*** AVAILABLE DATA ***

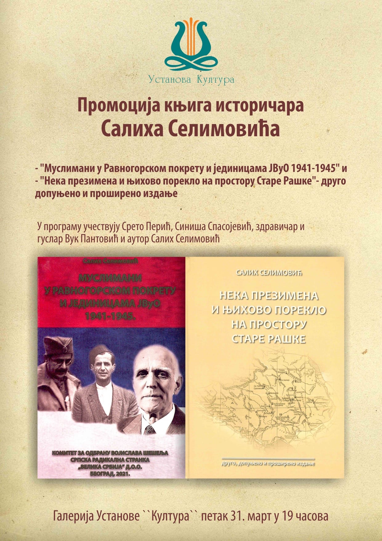 У петак, 31. марта, у галерији Установе „Култура“ у Бајиној Башти одржаће се промоција књига историчара, професора и публицисте Салиха Селимовића. Публици ће бити представљене књиге „Муслимани у Равногорском покрету и јединицама ЈВуО 1941-1945“ и „Нека презимена и њихово порекло на простору Старе Рашке“. У програму учествују Срето Перић, Синиша Спасојевић, здравичар и гуслар Вук Пантовић и аутор Салих Селимовић. Промоција почиње у 19 часова.
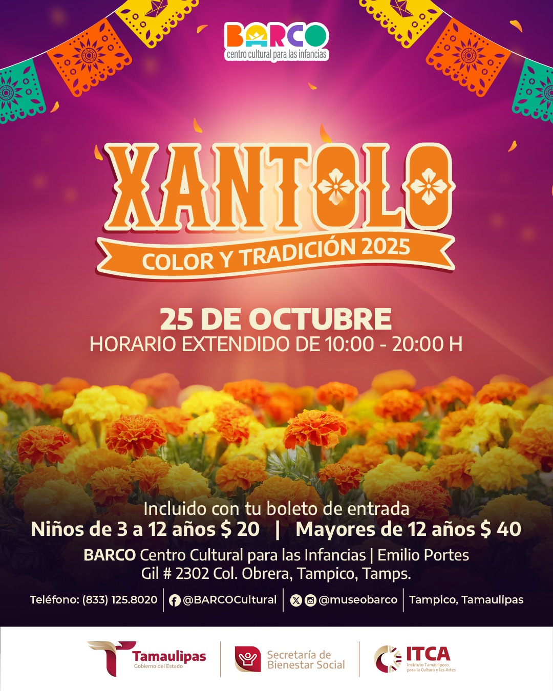 Entre las actividades más esperadas de la época y que se realizarán en BARCO, destaca el Xantolo 2025, en donde habrá presentación de las comparsas Tempoal Mainero y Los Huastecos de Altamira, el Ballet Folclórico Yacatecutli de la UAT, talleres de arte, cuentos y leyendas de la huasteca, así como un mercado de emprendedores locales que llenará de vida el recinto.
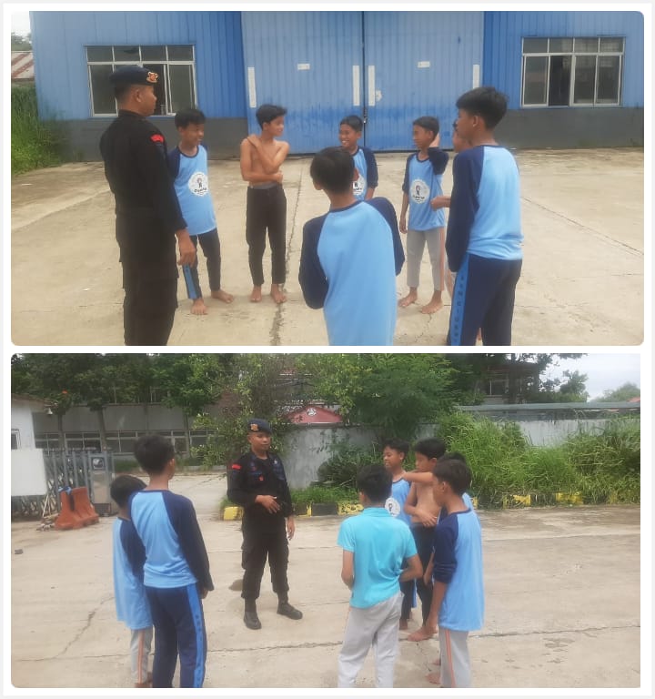 Brigadir Agung Tri menghampiri anak-anak yang sedang bermain dan memberikan penjelasan mengenai potensi bahaya yang dapat terjadi jika mereka tetap berada di area proyek.
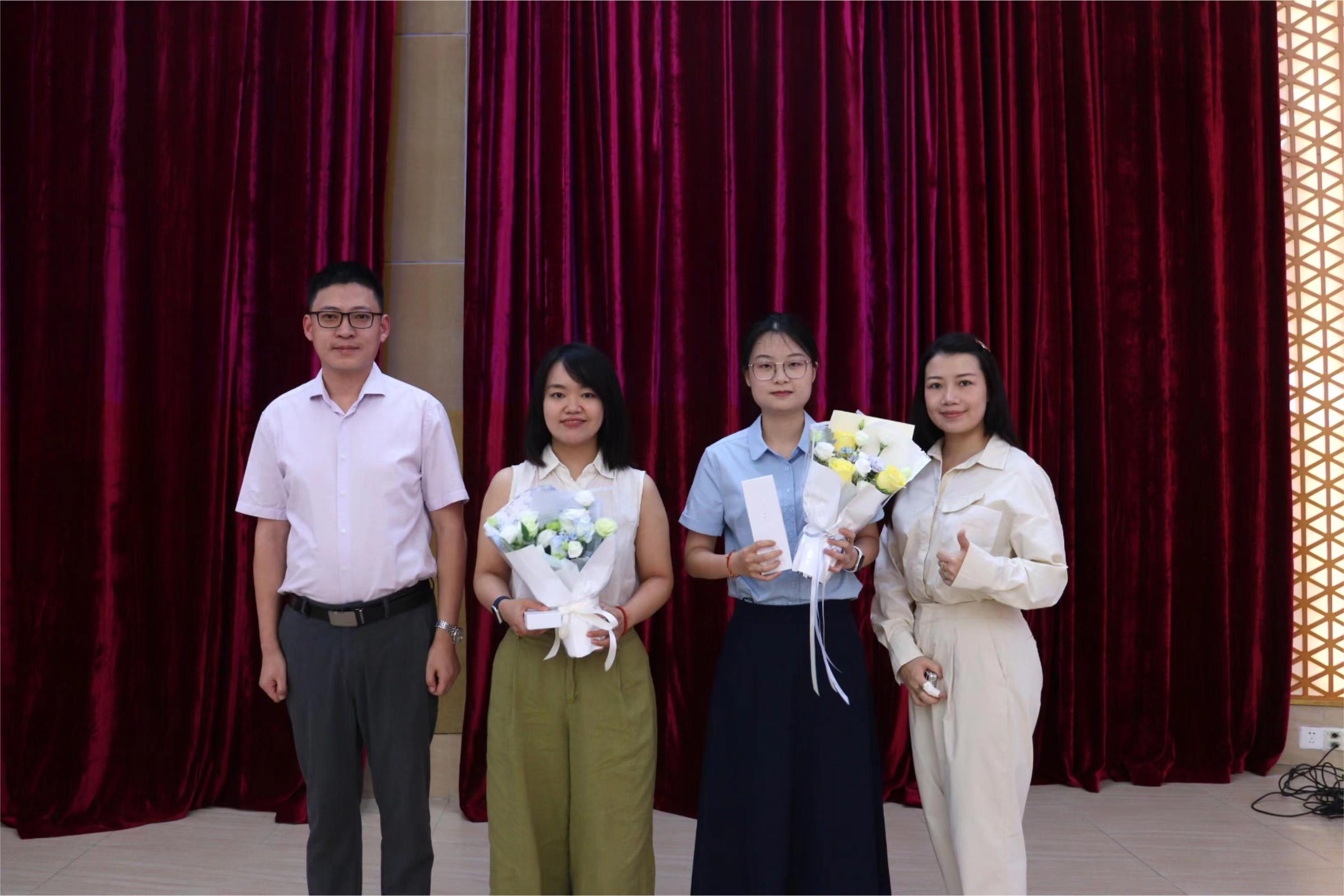 工会主席丁浩、办公室主任程思敏代表学院欢迎新进教职工
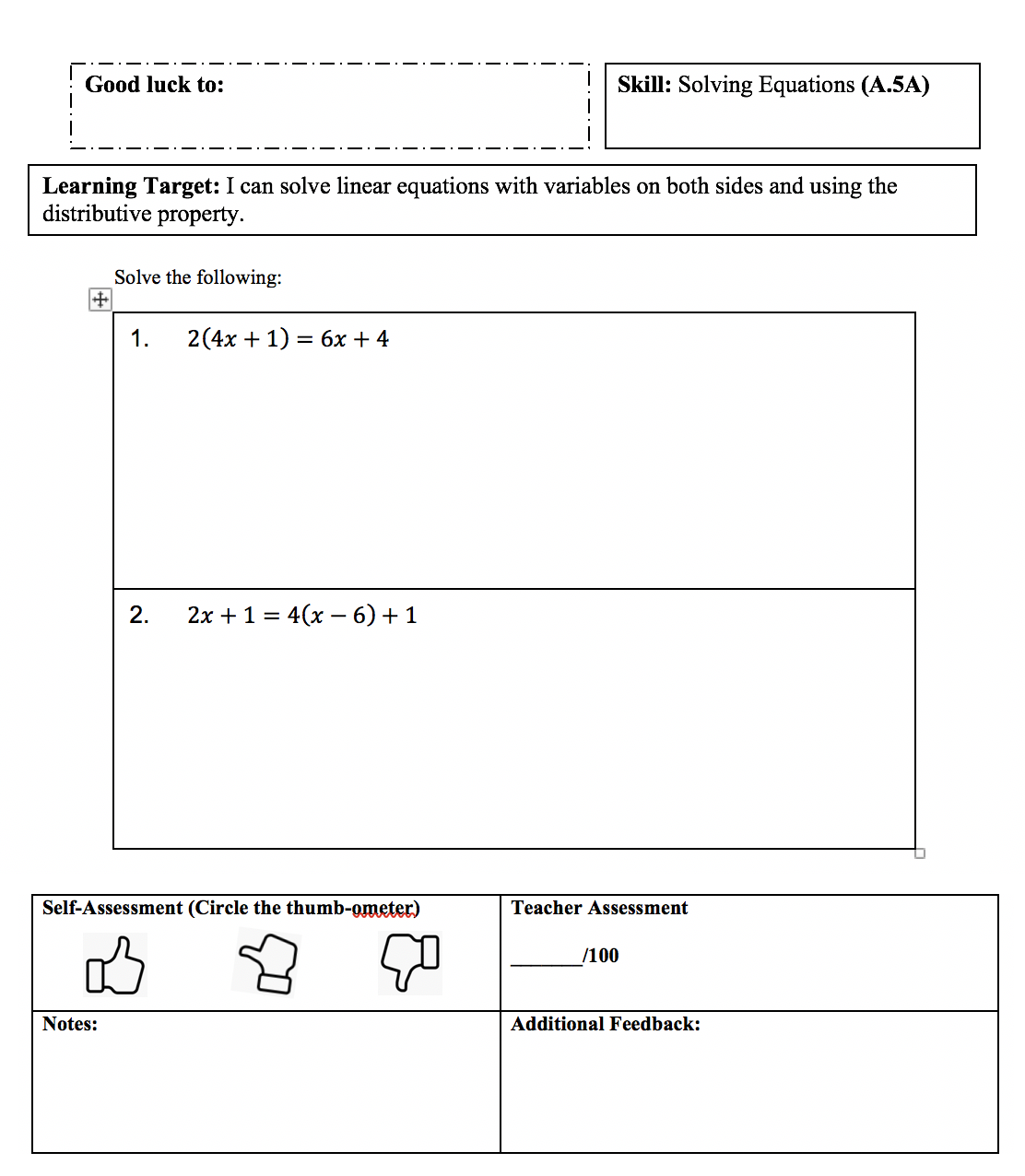 I recently tried the first instructional strategy at a high school in connection with learning targets and success criteria. I have been wanting to find more ways to bring the planning and crafting of these from the teachers into the ownership of students. By using this strategy, we found that it helped turn a typical practice day into even more formative feedback for her and her students, and together we came up with the name, “Numbers to Success.” For this day, the teacher used numbers to label her success criteria instead of check boxes. During practice, when a student had a question, we asked them to not just raise their hand for help, but to point out what numbered step they were struggling on. (Some students said the number and some signaled the numbers on their hand like the picture.) Identifying this gave the conversation a starting point and much more specificity instead of just, “I don’t get it” or “I’m confused.” One student I worked with told me, “yeah, I get the first and last step, but I’m stuck on 2.” This was true evidence of growth mindset because using this strategy was validating to the student that he knew two out of three steps and the missing step became our focus as we worked together. I even got a high-five after he got all three steps on his own!
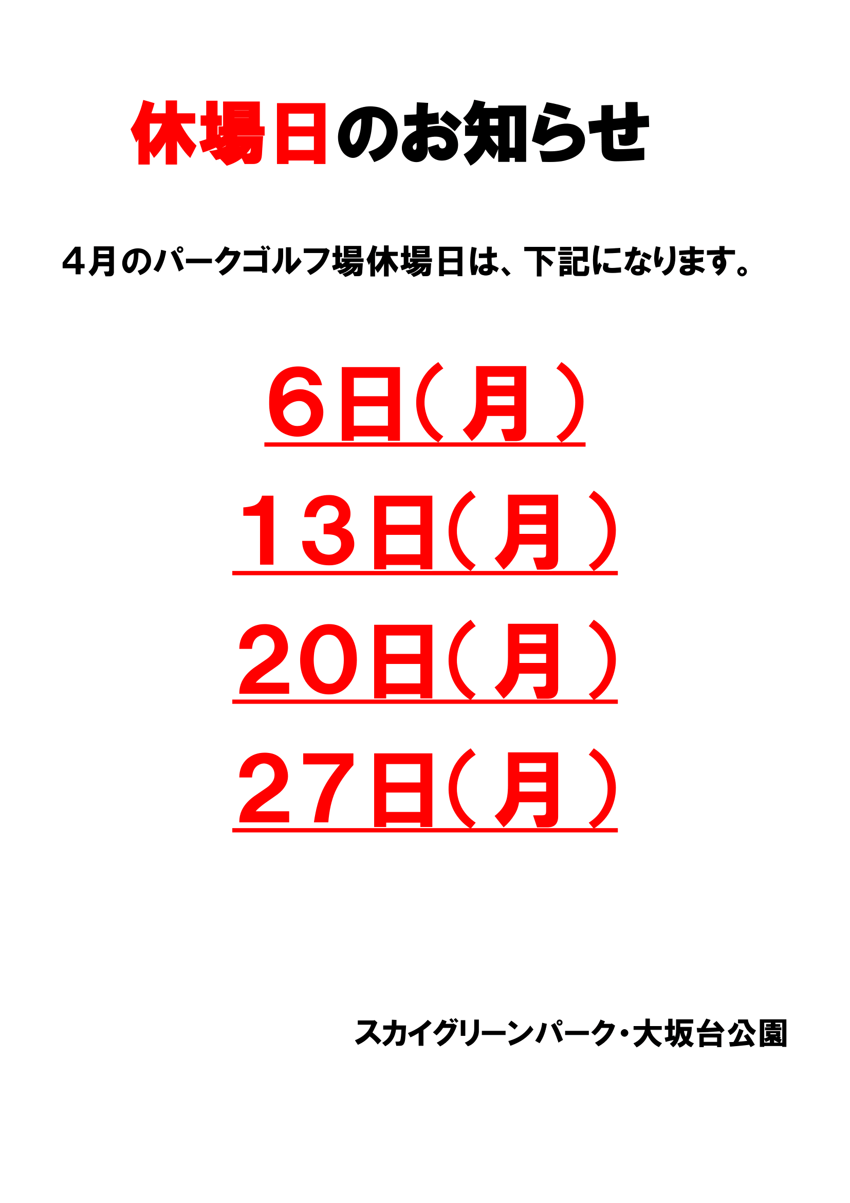 4月パークゴルフ場、休場日のお知らせ 2026年3月31日 最終更新日時 : 2026年3月31日 sph-sky-green-park 3月の休場日をお知らせ致します。 日程表をご確認の上、ご利用下さい。

***

# AIM OF THE EXERCISE
Your copy should run from the line that has "I recently tried" through the last line above, exactly, with both ends in and pictures out.

# ANSWER FOR THIS EXERCISE
 I recently tried the first instructional strategy at a high school in connection with learning targets and success criteria. I have been wanting to find more ways to bring the planning and crafting of these from the teachers into the ownership of students. By using this strategy, we found that it helped turn a typical practice day into even more formative feedback for her and her students, and together we came up with the name, “Numbers to Success.” For this day, the teacher used numbers to label her success criteria instead of check boxes. During practice, when a student had a question, we asked them to not just raise their hand for help, but to point out what numbered step they were struggling on. (Some students said the number and some signaled the numbers on their hand like the picture.) Identifying this gave the conversation a starting point and much more specificity instead of just, “I don’t get it” or “I’m confused.” One student I worked with told me, “yeah, I get the first and last step, but I’m stuck on 2.” This was true evidence of growth mindset because using this strategy was validating to the student that he knew two out of three steps and the missing step became our focus as we worked together. I even got a high-five after he got all three steps on his own!
 4月パークゴルフ場、休場日のお知らせ 2026年3月31日 最終更新日時 : 2026年3月31日 sph-sky-green-park 3月の休場日をお知らせ致します。 日程表をご確認の上、ご利用下さい。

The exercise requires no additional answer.